The ragtop also saves weight, which the Audi needs, but it also takes up much less space in the trunk. One of my biggest complaints with the new hard top convertibles is that it is almost impossible for two people to be able to take even a weekend’s worth of luggage on a car trip and be able to drive with the top down. Not only is the Audi’s trunk comparatively spacious with the top down, but the rear seats fold down to allow a pass-through from the trunk. So travelers can pack for a long trip, and even squeeze in a set of golf clubs, as long as your golf bag isn’t one of those ones that the pros use on tour. And two sets will fit if you’re just going to and from the golf course. No other convertible can match it. Audi also boasts that the top will fold in a mere 15 seconds, (and while moving at less than 30 mph). 


The price of admission into the S5 Cabriolet club is steep, with the base price starting at $58,250.  But you get a lot of standard equipment for that price, including heated mirrors, dual fog lights, rain-sensing windshield wipers, Xenon self-leveling headlights, LED taillights, 19-inch wheels and performance tires, the 12-way Silk Nappa leather sport seats, three-zone climate control, Adjustable height center armrest, Electronic Stability Control, 10-speaker sound system, and more. 

The Prestige Package starts at $63,950 and adds a Bang & Olufsen sound system and Audi’s MMI navigation system, a DVD player, and two SD card slots. You also get memory seat settings, auto-dimming interior mirror with compass, auto dimming exterior mirrors, and a keyless entry and start.

And if you win the lottery, you can add a $900 Driver Assist system that monitors your blind spots in the side mirrors, or the $2,100 Adaptive Cruise Control that automatically maintains a safe distance to the car in front of you. Those are both outstanding features, but the Driver Assist can be found standard on some Mazda’s that cost only $20,000, and the Adaptive Cruise Control is way overpriced.

The $1,400 Comfort Package replaces the Sport seats with perforated leather seats that are heated and cooled, and have a built-in vent just below the headrest that blows warm air onto your neck. And if you are a really serious back roads warrior, or track day participant, you can spend $3,950 on the Audi Drive Select Package which controls the adaptive suspension, dynamic steering, transmission shift points, and engine response and allows you to choose from four distinct drive configurations: Comfort, Automatic, Dynamic, and Individual. Add in a choice of carbon fiber, Birch wood, or Stainless Steel dash inlays and you can run this baby up to $74,350. 

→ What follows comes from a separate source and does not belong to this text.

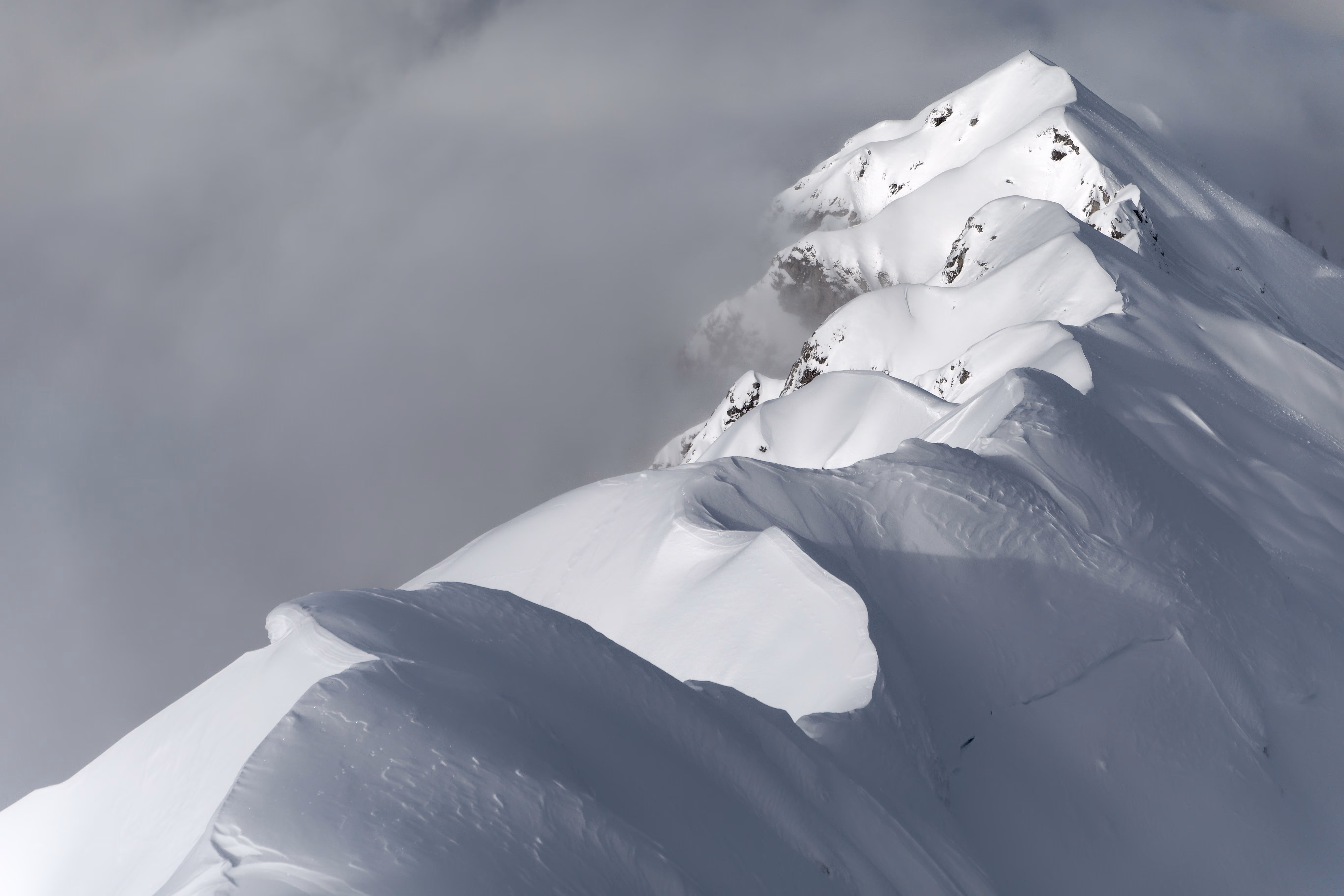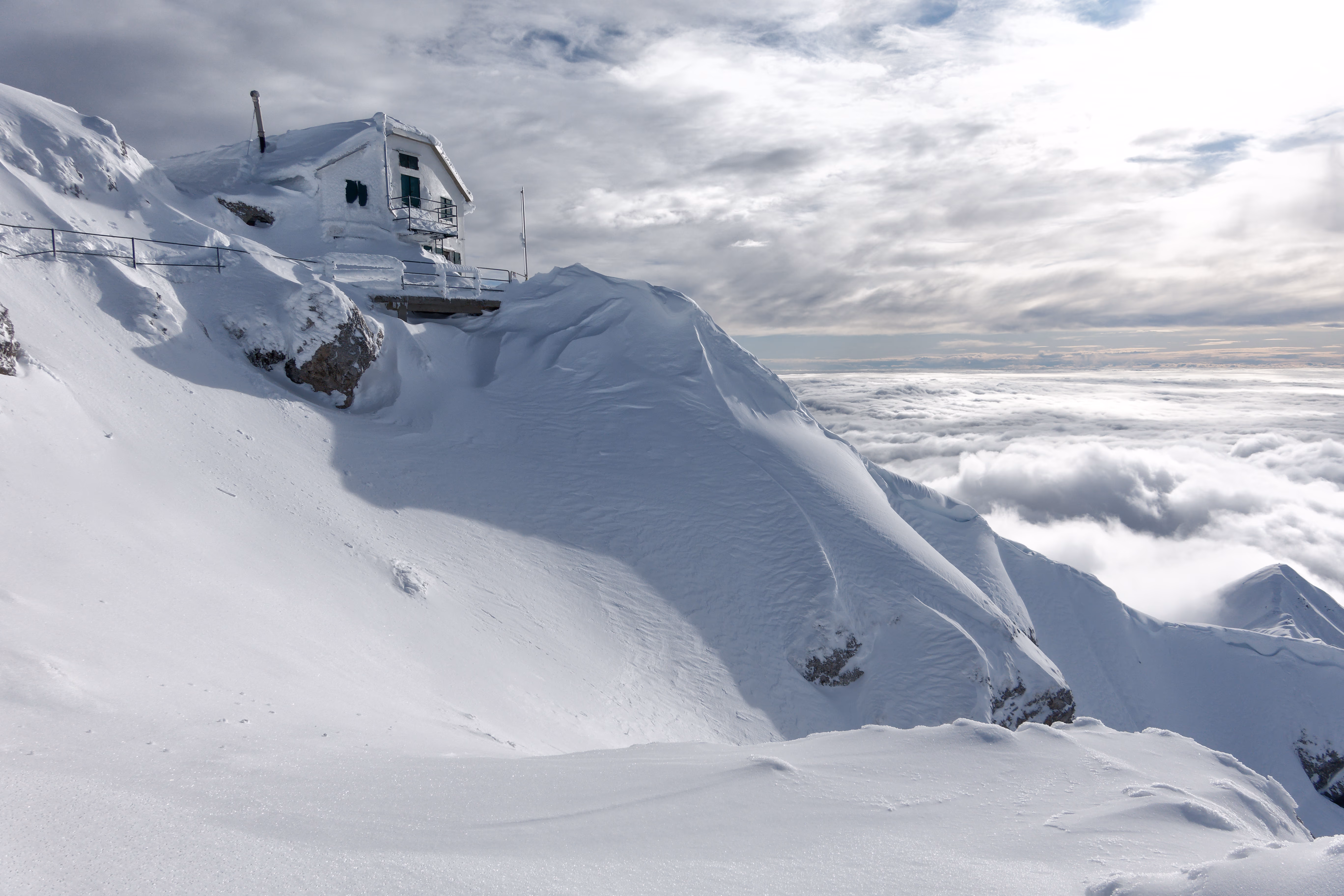 Dopo un Novembre di abbondanti nevicate, bisognava trovare il giorno giusto per salire. Giovedì è perfetto. Il giorno prima una nuova, debole nevicata, prepara al meglio la scenografia. Giornata stabile ma con nuvole basse.
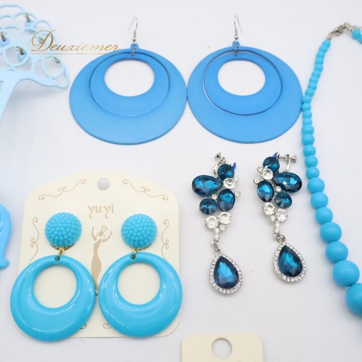 フラメンコ 小物 小道具 ペイネタ ピアス イヤリング フローレス ネックレス 花 アクセサリー まとめ売り セット ブルー系 水色 青 舞台 発表会 アクセサリーセット 小物まとめ売り ダンス小物 イベント用 青系 ペイネタ フラメンコアクセサリー

The new Audi S5 Cabriolet is an outstanding car. It has exceptional engine performance, wonderful handling characteristics, excellent cabin appointments, superior trunk room and the versatility of a usable back seat in one package, albeit an expensive one. It will acquit itself quite nicely when viewed alongside a Mercedes E-Class, BMW 3-Series, Infinity G37, or Lexus IS C. And if you can afford to buy cars like this, the shopping trip will be a lot of fun.